- _BRIEF_:
Every picture should be left out, but the lines below must be repeated exactly.

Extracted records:

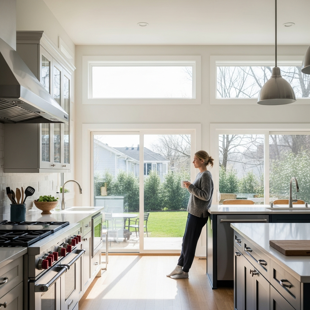 Add larger windows or glass doors. The increased daylight makes spaces feel bigger. Your bright kitchen glows naturally!
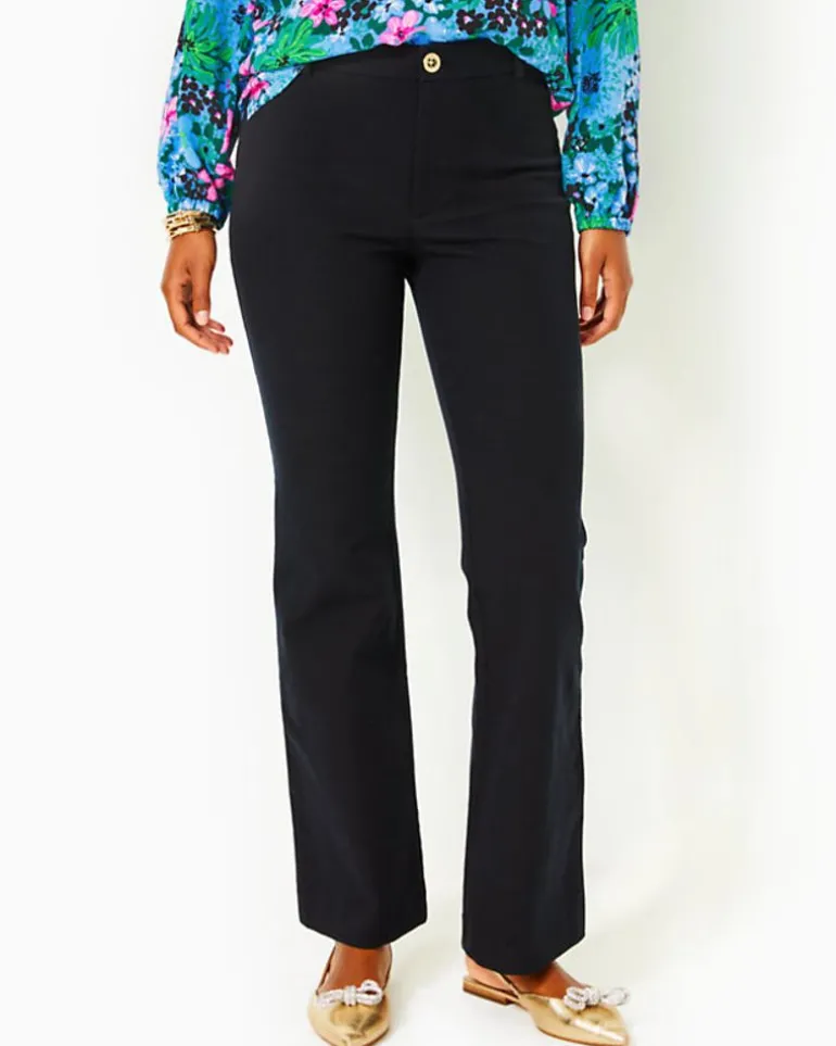 - High Rise, Fly Front, Straight Fit, Bi-Stretch Flare Pant. Interior Waistband With Elastic Construction For Added Comfort.
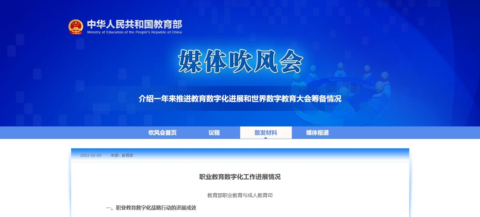 教育部職業(yè)教育與成人教育司:職業(yè)教育數(shù)字化工作進展情況
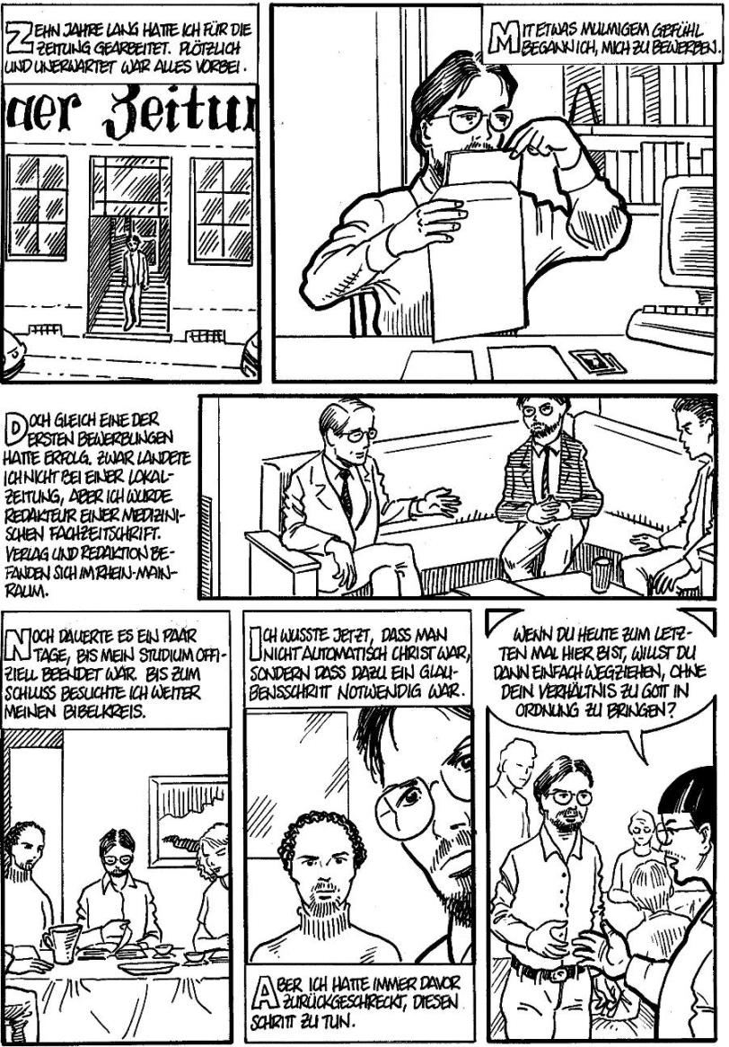Um Euch mal wieder auf den neuesten Stand zu bringen: Ich bin gerade dabei, vier weitere Seiten zu konzipieren. Jetzt geht's um den Übergang vom Studium zu meiner ersten Arbeitsstelle. Dummerweise erinnere ich mich an diese Zeit nicht besonders gut, aber mir steht jetzt der Briefwechsel (etwas später dann Mailwechsel) mit Daphne zur Verfügung, so daß ich das Ganze trotzdem einigermaßen authentisch darstellen kann. Ich will in nächster Zeit diese Seiten vorzeichnen und möglichst auch noch im Februar vollenden. Mal sehen, ob das klappt.
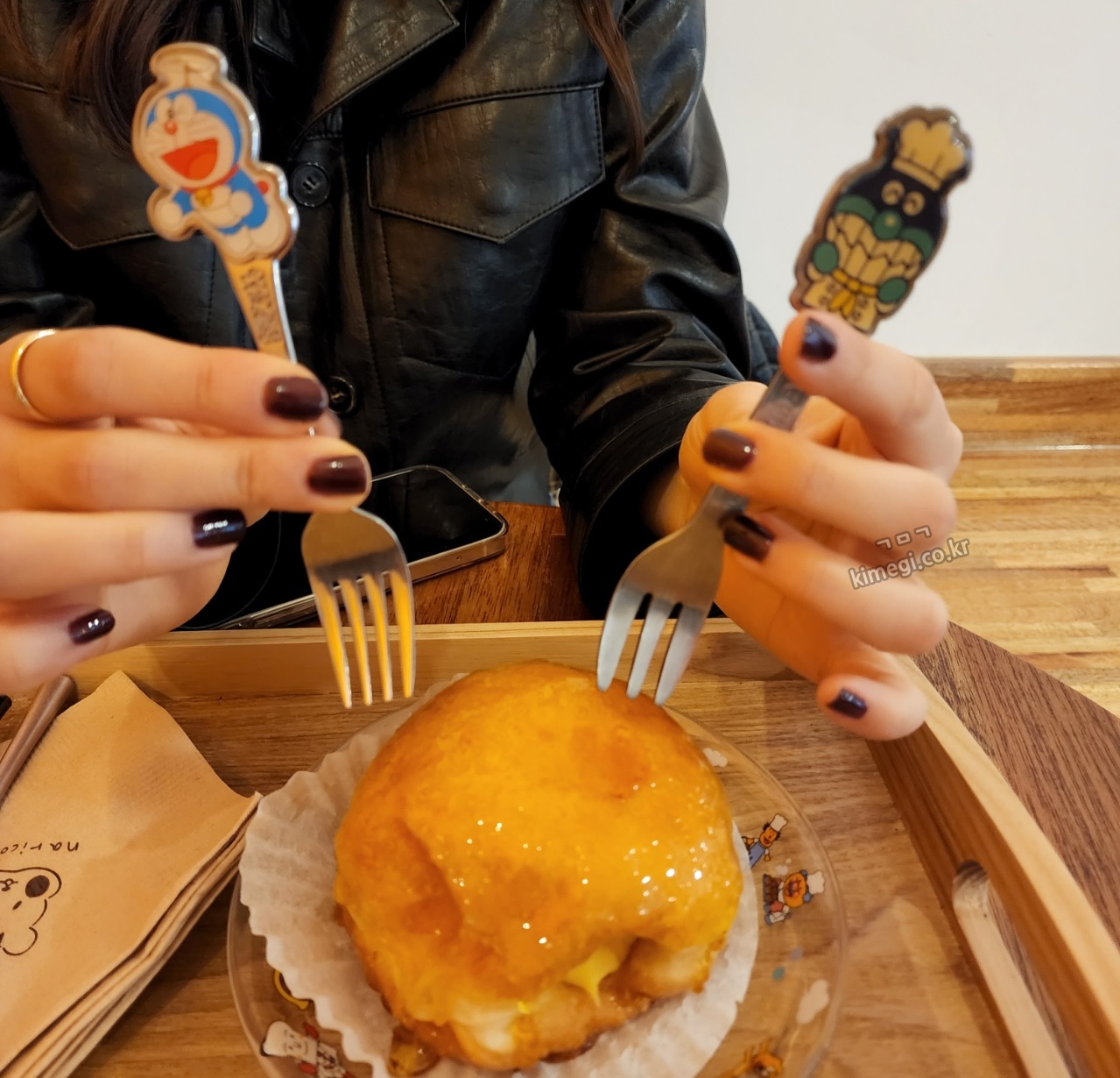 크림 브륄레 도넛과 함께 캐릭터 포크도 같이 왔어요. 물컵부터 포크, 접시까지 모두 귀여운 소품들로 넘쳐나는 대구 맛집 나리꼬모 입니다. 데이트하러 오기도 정말 좋을 것 같아요.

- _ANSWER BOX_:
 Add larger windows or glass doors. The increased daylight makes spaces feel bigger. Your bright kitchen glows naturally!
 - High Rise, Fly Front, Straight Fit, Bi-Stretch Flare Pant. Interior Waistband With Elastic Construction For Added Comfort.
 教育部職業(yè)教育與成人教育司:職業(yè)教育數(shù)字化工作進展情況
Um Euch mal wieder auf den neuesten Stand zu bringen: Ich bin gerade dabei, vier weitere Seiten zu konzipieren. Jetzt geht's um den Übergang vom Studium zu meiner ersten Arbeitsstelle. Dummerweise erinnere ich mich an diese Zeit nicht besonders gut, aber mir steht jetzt der Briefwechsel (etwas später dann Mailwechsel) mit Daphne zur Verfügung, so daß ich das Ganze trotzdem einigermaßen authentisch darstellen kann. Ich will in nächster Zeit diese Seiten vorzeichnen und möglichst auch noch im Februar vollenden. Mal sehen, ob das klappt.
 크림 브륄레 도넛과 함께 캐릭터 포크도 같이 왔어요. 물컵부터 포크, 접시까지 모두 귀여운 소품들로 넘쳐나는 대구 맛집 나리꼬모 입니다. 데이트하러 오기도 정말 좋을 것 같아요.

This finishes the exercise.